Which Khadas SBC do you use?
VIM3 Pro
Which system do you use? Android, Ubuntu, OOWOW or others?
Ubuntu
Which version of system do you use? Khadas official images, self built images, or others?
vim3-ubuntu-20.04-gnome-linux-4.9-fenix-1.4-221229.img
Please describe your issue below:
Dear all, @Frank
Hi. I’m trying to run yolov8 on an NPU, but I’m having trouble.
I converted the yolov8n.onnx
weights to .nb
, .so
files using the commands below from that repository.
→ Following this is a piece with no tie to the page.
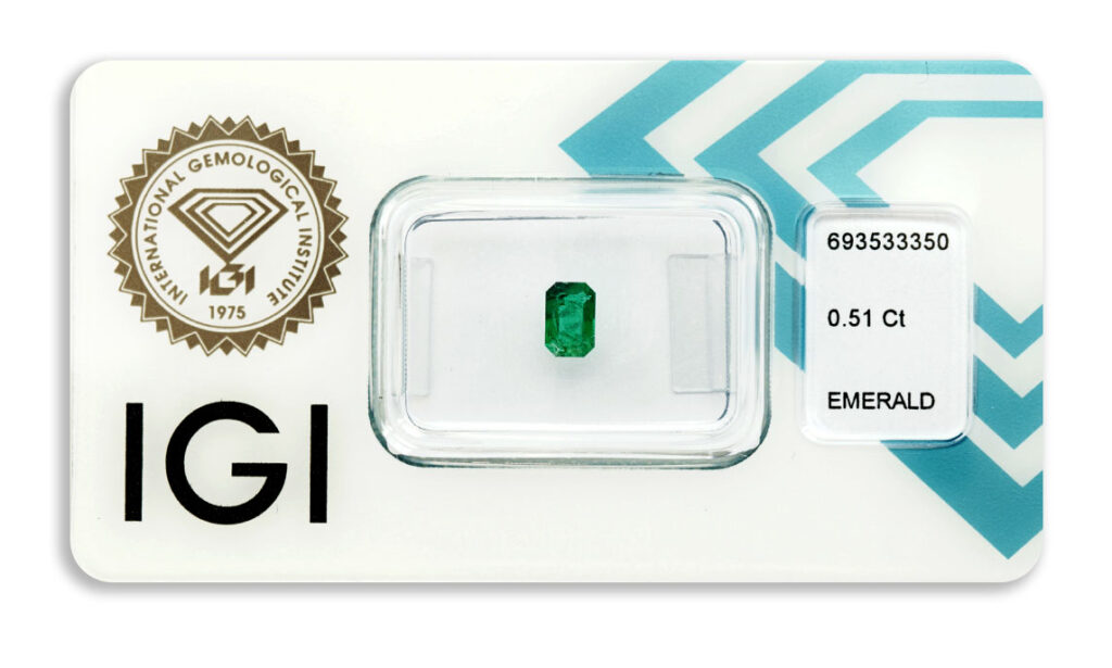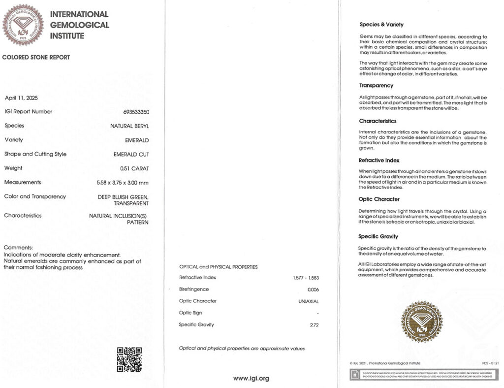 smaragd 0.51ct deep bluish green s IGI certifikátem

The weights used in the conversion are in the corresponding Google Drive.
./convert \
--model-name yolov8n \
--platform onnx \
--model yolov8n.onnx \
--source-files ./data/dataset/dataset0.txt \
--mean-values '0 0 0 0.0039' \
--quantized-dtype asymmetric_affine \
--kboard VIM3 --print-level 1 \
--input-size-list '640,640,3'
After performing object detection using the converted weights and the library, I checked the output tensor and found that only bbox coordinates were present and the classification scores were all 0.
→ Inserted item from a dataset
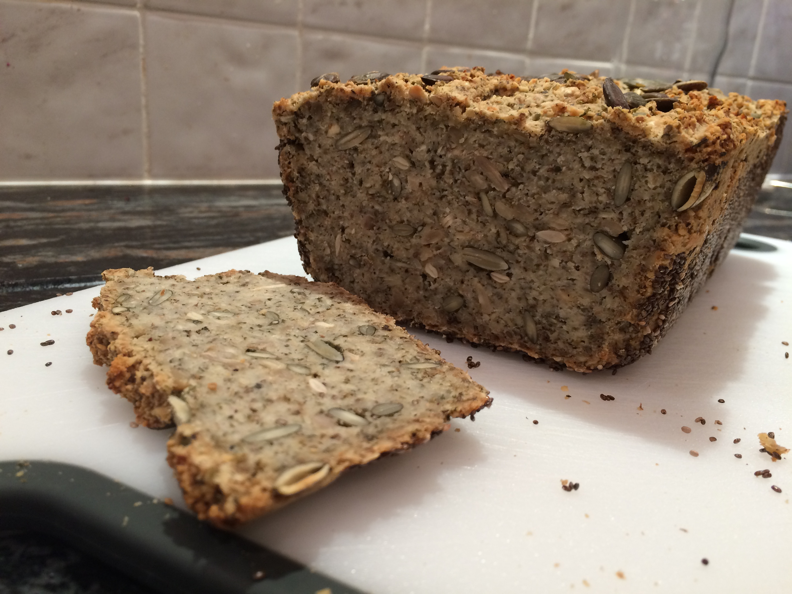 Don’t try to substitute psyllium husk powder as this holds the loaf together. The powder is available in health-food shops or online.

Below is the code we ran and the output
Code
from ultralytics import YOLO
from ultralytics.yolo.v8.detect.predict import DetectionPredictor
from PIL import Image
import cv2
import time
import argparse
import torch
from ksnn.api import KSNN
from ksnn.types import *
from test import non_max_suppression
def detect_camera():
cap = cv2.VideoCapture(1)
cap.set(3,1920)
cap.set(4,1080)
while 1:
cv_img = list()
ret, img = cap.read()
cv_img.append(img)
start = time.time()
data = yolov8.nn_inference(cv_img, platform="ONNX", reorder="2 1 0", output_format=output_format.OUT_FORMAT_FLOAT32)
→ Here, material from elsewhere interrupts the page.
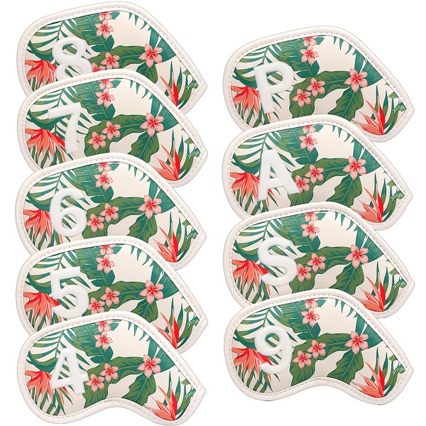 SHABIER 9pcs Golf Iron Head Covers Magnic Closure with Hawaii Style Design Iron Headovers Wedges Covers 4-9 ASP
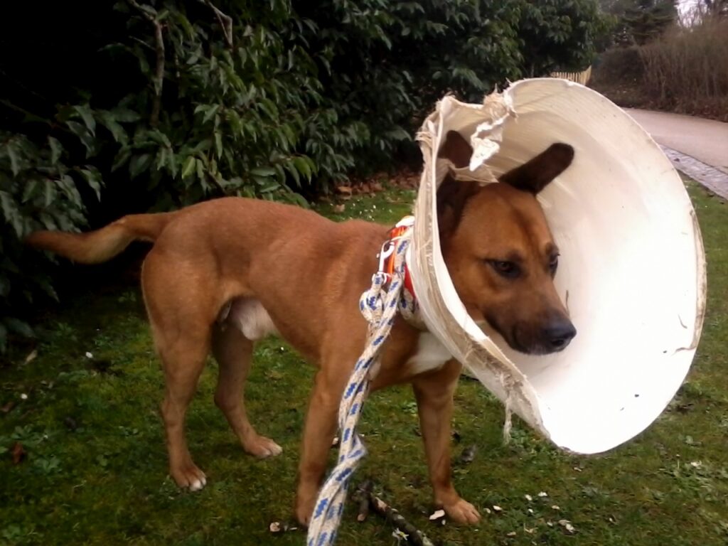 Dalinka est un american staff et presque une antiquité puisqu’elle a huit ans. C’est quasi un cochon truffier, sauf qu’elle ne cherche pas les truffes. En bon terrier, elle inspecte l’environnement, elle accepte les câlins, elle fait groïnk-groïnk, et on se demande bien : quoi d’autre ? (La muselière OBLIGATOIRE était toute proche, bien sûr, je l’ai juste effacée pour la photo, vous pensez.)

print("inferece time :", time.time() - start)
data = data[0]
data.reshape(1, 84, 8400)
print(data.shape())
cv2.imshow("capture", img)
if cv2.waitKey(1) & 0xFF == ord('q'):
break
cap.release()
cv2.destroyAllWindows()
def detect_picture(model, picture):
img = cv2.imread(picture, cv2.IMREAD_COLOR)
start = time.time()
data = yolov8.nn_inference([img], platform="ONNX", reorder="2 1 0", output_tensor=1, output_format=output_format.OUT_FORMAT_FLOAT32)
print("inferece time :", time.time() - start)
print(len(data))
print(len(data[0]))
data = data[0]
# transpose
data = data.reshape(84, 8400).transpose()
print(data[:, :10])
if __name__ == "__main__":
parser = argparse.ArgumentParser()
parser.add_argument("--library", help="Path to C static library file")
parser.add_argument("--model", help="Path to nbg file")
parser.add_argument("--device", help="webcam num")
parser.add_argument("--picture", help="Path to input picture")
parser.add_argument("--level", help="Information printer level: 0/1/2")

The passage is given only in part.